自编码器一共有五层，每层是一个 LSTM（Long Short-Term Memory）网络，每层LSTM 网络拥有不同的隐藏单元，对时序数据进行不同维度的特征提取。所提取的编码器中间变量，实质上是一组从输入的高维数据中提取出的最具代表性的特征，将 SCADA 高频生产动态数据特征从一天几万条降维成自定义条数，把时间刻度从秒级提到天级，再与 A2数据和静态参数进行特征融合。The autoencoder has a total of five layers, each layer is an LSTM (Long Short-Term Memory) network, and each layer of LSTM network has different hidden units to extract features of different dimensions for time series data. The extracted intermediate variables of the encoder are essentially a set of the most representative features extracted from the input high-dimensional data, which reduces the dimension of SCADA high-frequency production dynamic data features from tens of thousands of records a day to a custom number of records. , raise the time scale from seconds to days, and then perform feature fusion with A2 data and static parameters.

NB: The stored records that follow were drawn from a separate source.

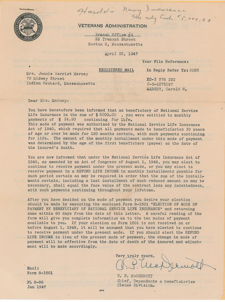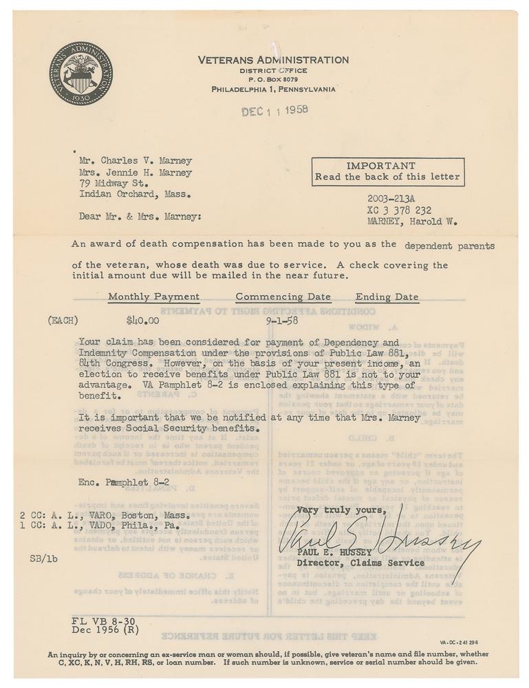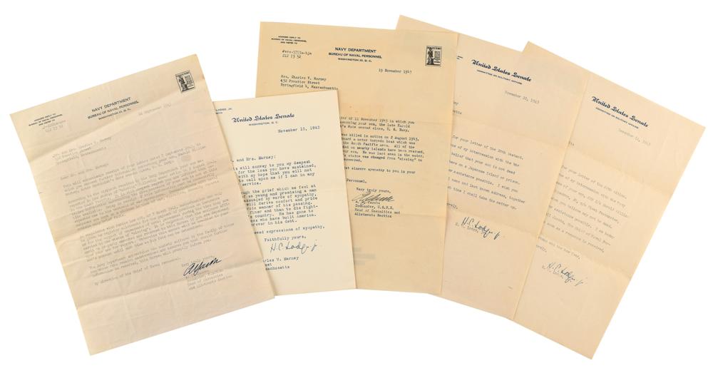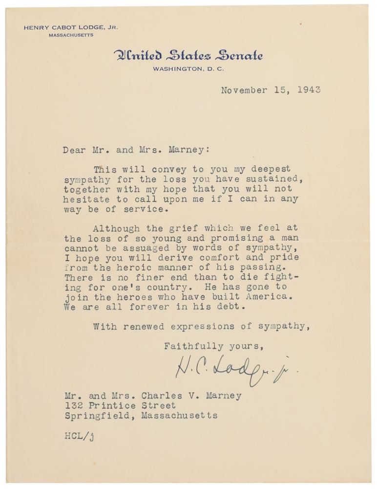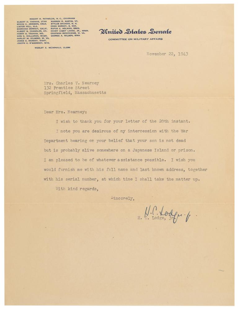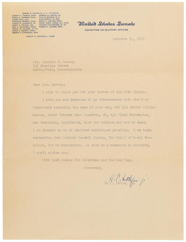 This archive includes three letters that Massachusetts Senator Henry Cabot Lodge wrote Mrs. Marney in responding to her asking for his help in getting more information about her son, despite the letters she had already received from Kennedy telling her that her son was dead. In one of these letters Lodge responds to Mrs. Marney’s feelings of “belief that your son is not dead but is probably alive somewhere on a Japanese Island or prison.” Also included are typed letters with secretarial signatures of Senator Kennedy to Mrs. Marney in 1958 and 1959, where Kennedy interceded on her behalf for social security benefits and other issues that he tried to help her with.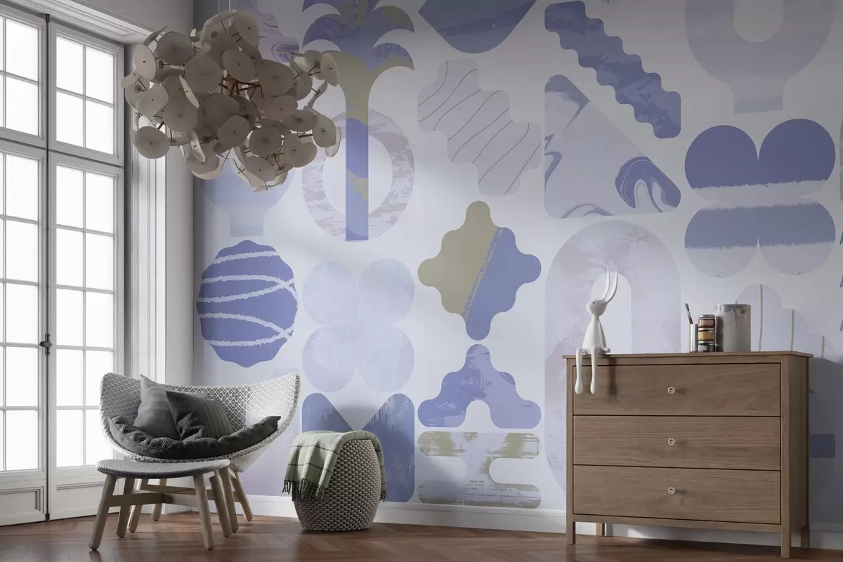 Fototapeten verschiedene interessante Formen, moderne Geometrie in Blautönen N° w02550v1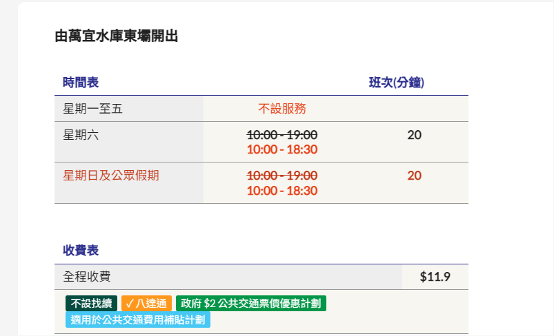 據公開資料顯示,目前出入東壩只有專線小巴9A號線,且僅在星期六、日及公眾假期運行,20分鐘一班車,每班載客約19人,而由東壩開出的尾班車為傍晚6時30分至7時。而不少遊客結束行程的時間一般為下午4時左右,據網友分享,很多人順利坐上小巴需要等3班車左右,有時最長需要等待2個小時。單單等車便需要這麼久,更不必說遊玩逾時、遇到突發狀況耽誤時間等情況,令不少遊客產生錯過末班車、無法順利返程的擔憂。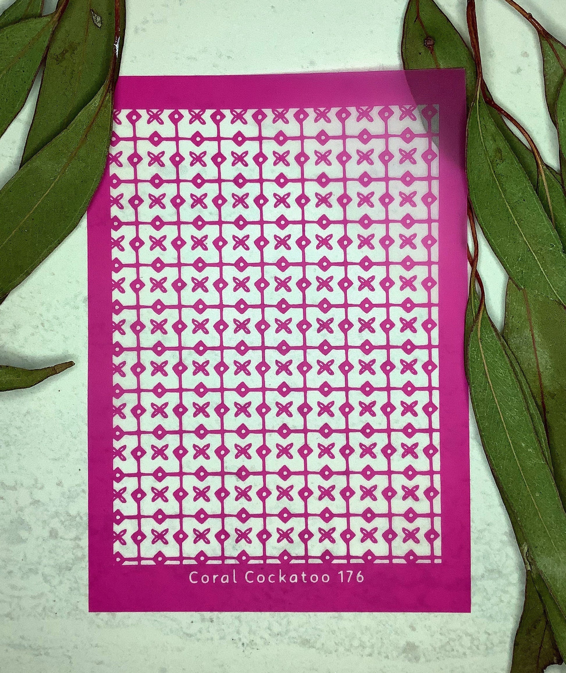 Important Info: Use your unique Coral Cockatoo Silkscreen for anything from earring and jewellery pieces to paper craft and card creations and more! The possibilities are limited only by your imagination and creativity!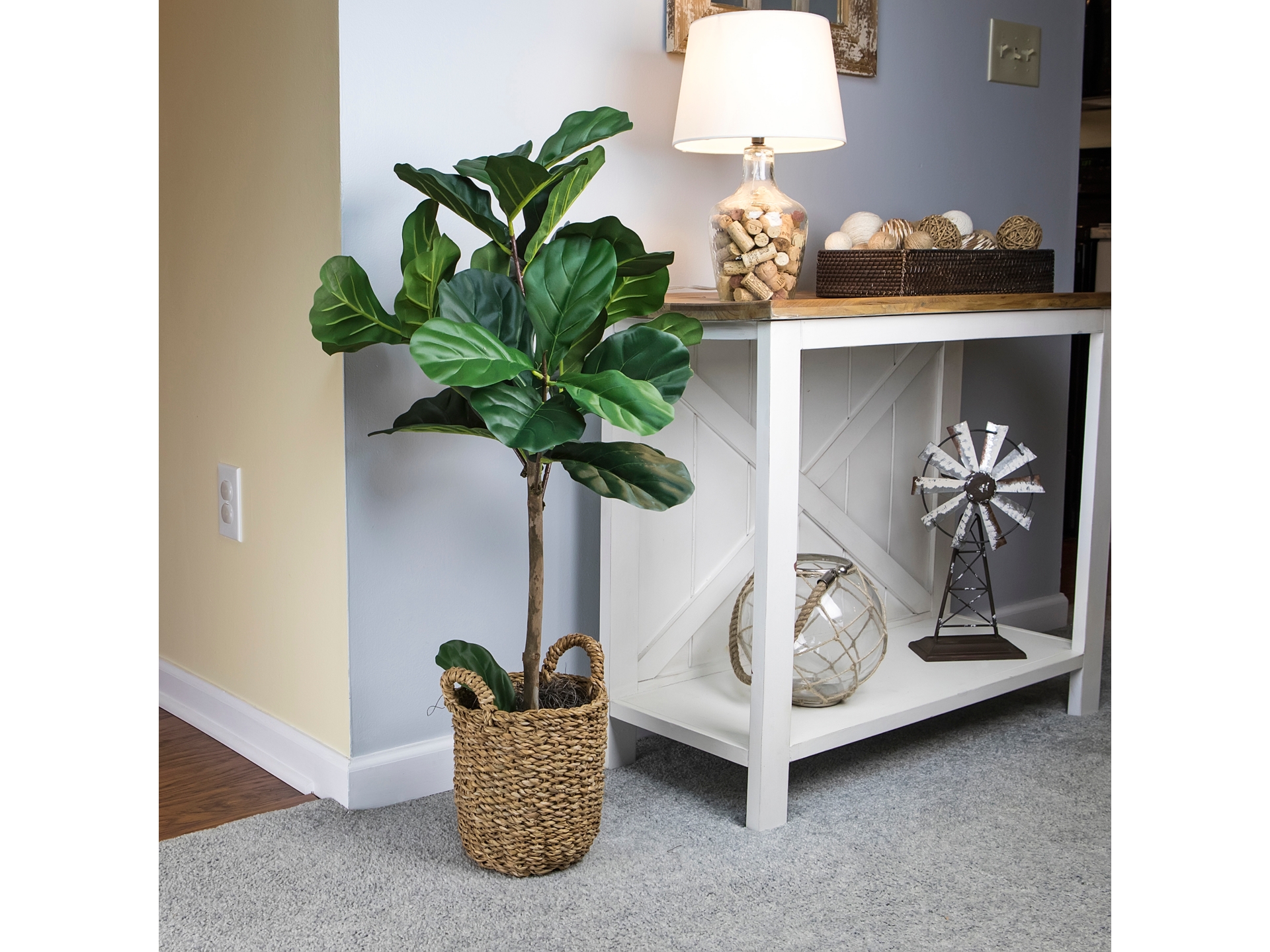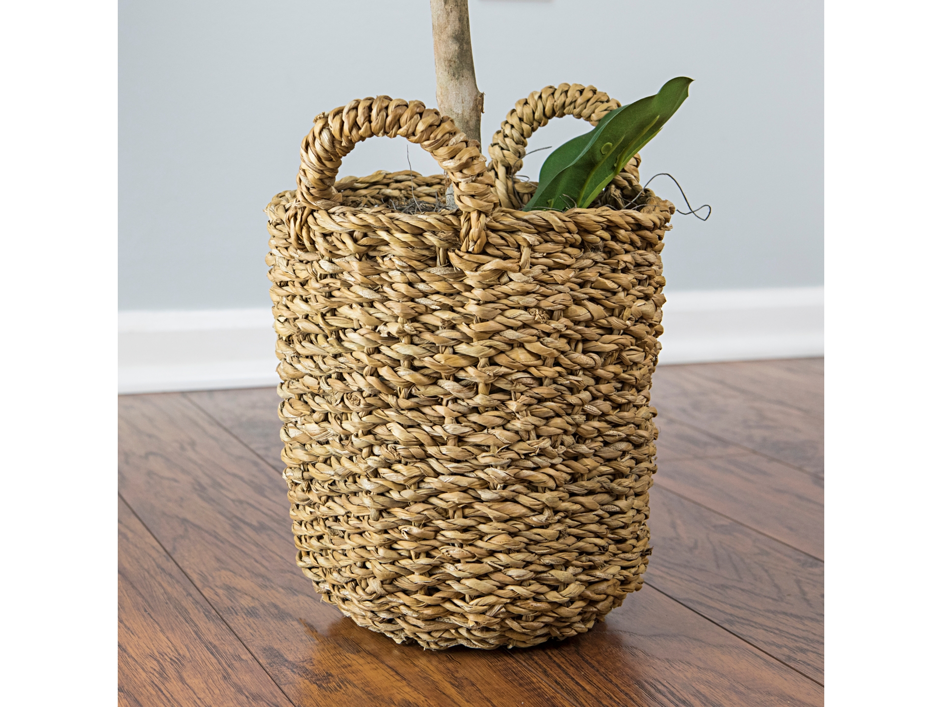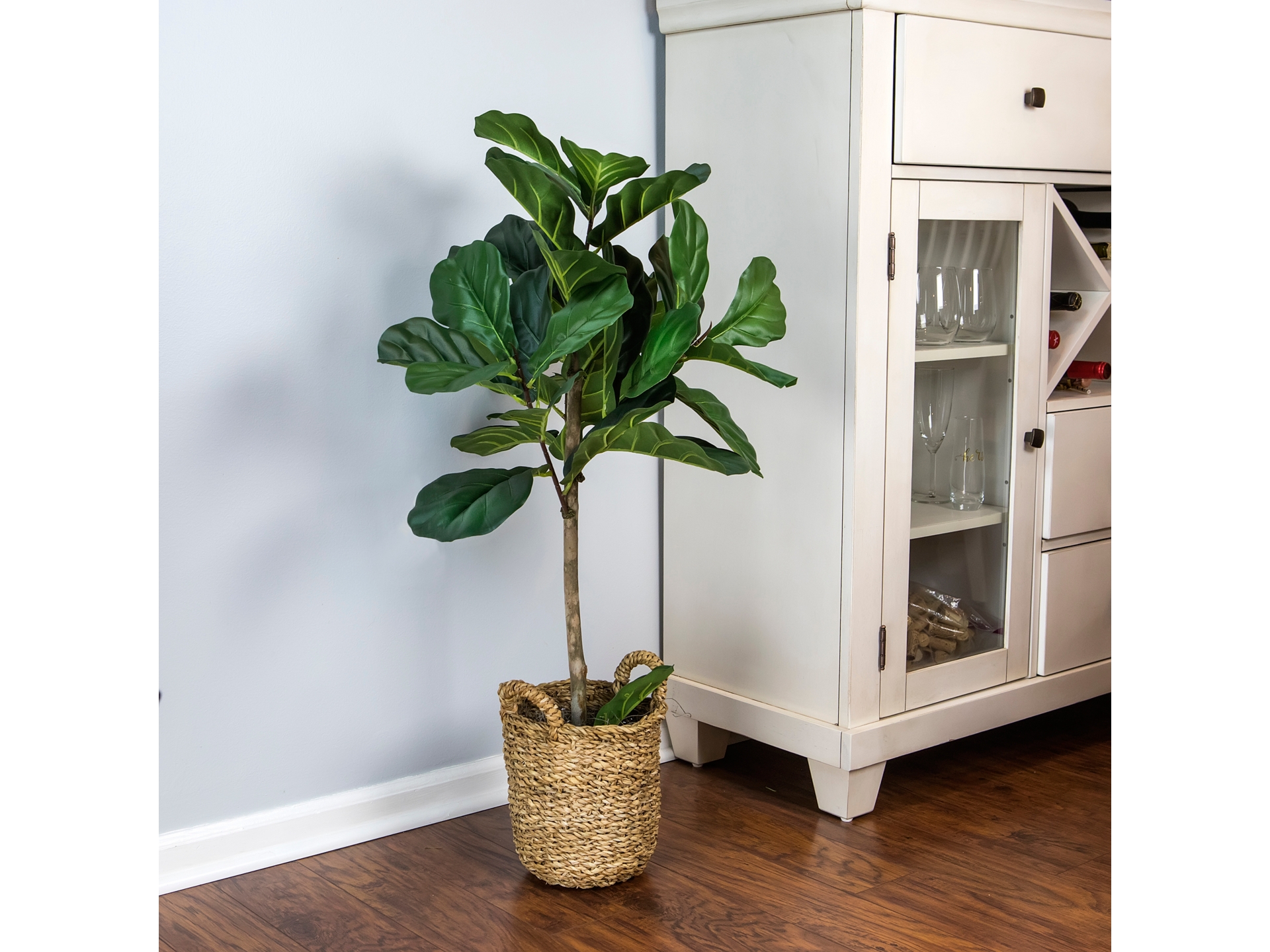 Our Fiddle Leaf Fig Tree takes the plant of the millennium to new heights. Undeniably, the lush but sometimes finicky Fiddle Leaf Fig Tree has become the darling of social media during the past few years. This 30-inch faux plant not only channels the adored features of Mother Nature’s finest examples, but it does so with greater predictability and the need for much less care. The tree rises out of a richly detailed woven handle adorned basket from which its green leaves cast a 16-inch wingspread.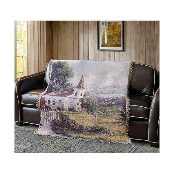 Inspirational Tapestry Throw Blanket by Virah Bella - 50" x 60" Blessed are Those Who Mourn Matthew 5:4 Fringed Woven Tapestry Throw - Cozy & Beautiful Religious-Themed Blanket
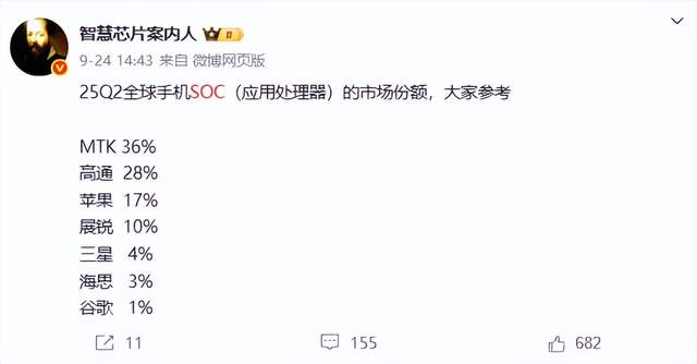 Blogger "Wisdom Chip Insider" revealed on Weibo the market share distribution of global mobile SOC (application processor) in the second quarter of 2025. The data indicates that MediaTek (MTK) maintains the lead with a 36% share, followed by Qualcomm at 28%, and Apple at 17%.
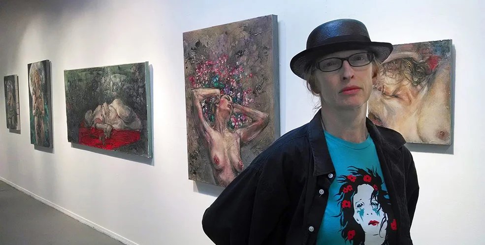 I met T. Collins Logan at an art show I was attending with my mother. We both had work in the exhibit -- his photograph and my painting. He approached me because he wrote a poem about my painting. We became friends and he started teaching a mysticism class at First UU. When we started dating, he read me poetry, including his own works and Hafiz -- both of which inspired several paintings and continued to have a strong influence on my work for the following years. He also helped me change the perception I had of of myself from starving artist to a professional. Currently we are collaborating on the Incognito Witch short films and a book.
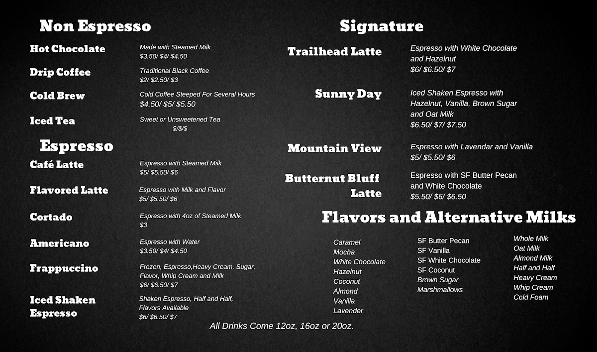 A smooth blend of creamy white chocolate and rich hazelnut, the Trailhead Latte is your perfect pick-me-up—warm, cozy, and ready for any adventure. Available hot or iced.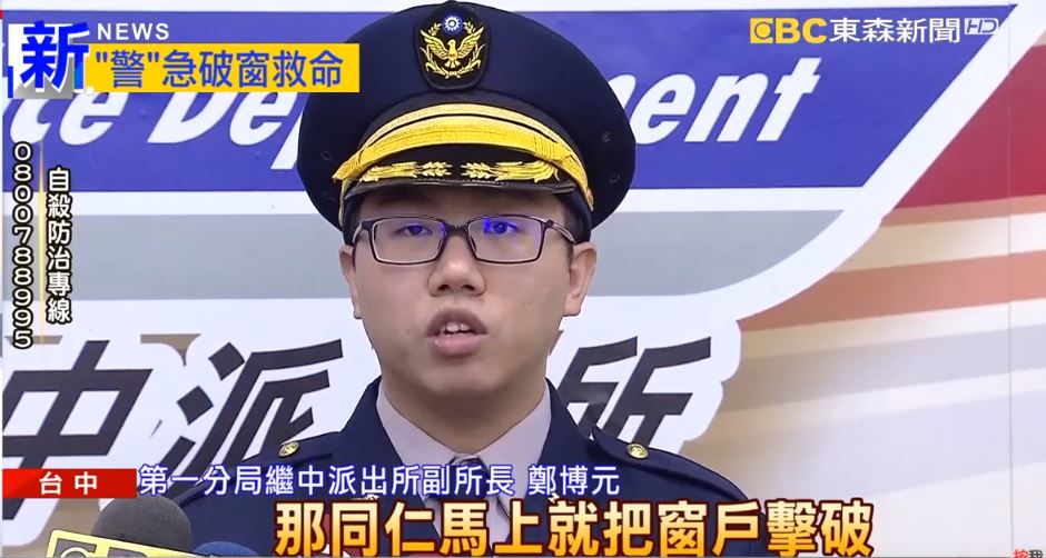 第一分局繼中派出所副所長鄭博元:「當時男子的重心,其實就有點要被女子拖下去,那同仁馬上就把窗戶擊破,把人救下來,過程應不到3分鐘」。

S2、将降维后的SCADA 生产高频数据与A2数据和地质参数数据进行特征融合；S2. Feature fusion of SCADA production high-frequency data after dimensionality reduction with A2 data and geological parameter data;

在本实施例里，将降维后的 SCADA 数据与 A2 数据、地质参数数据进行特征融合，地质参数为每口生产井的地质参数，为井的固定属性。融合操作使用 Concat 操作，将其拼接成一个特征向量，使得后续建模模型特征多样化。Concat 操作是指将所有特征直接拼接成一个向量，以做到特征多样性，提高模型建模结果。将一天 SCADA 动态数据降维后的结果，与 A2 数据以及静态参数进行特征向量拼接，组成最终的模型输入特征向量，以此达到积液预测模型在考虑 SCADA 动态数据的同时，也充分利用了 A2 数据和静态参数，作出更准确的预测结果。本模型的数据拼接方法如图3所示。In this embodiment, feature fusion is performed on SCADA data after dimensionality reduction, A2 data, and geological parameter data. The geological parameters are the geological parameters of each production well and are the fixed attributes of the well. The fusion operation uses the Concat operation to concatenate it into a feature vector to diversify the features of the subsequent modeling model. Concat operation refers to splicing all features directly into a vector to achieve feature diversity and improve model modeling results. The result of one day's SCADA dynamic data dimensionality reduction is spliced with A2 data and static parameters to form the final model input eigenvector, so that the effusion prediction model takes full advantage of A2 while considering the SCADA dynamic data. data and static parameters to make more accurate predictions. The data splicing method of this model is shown in Figure 3.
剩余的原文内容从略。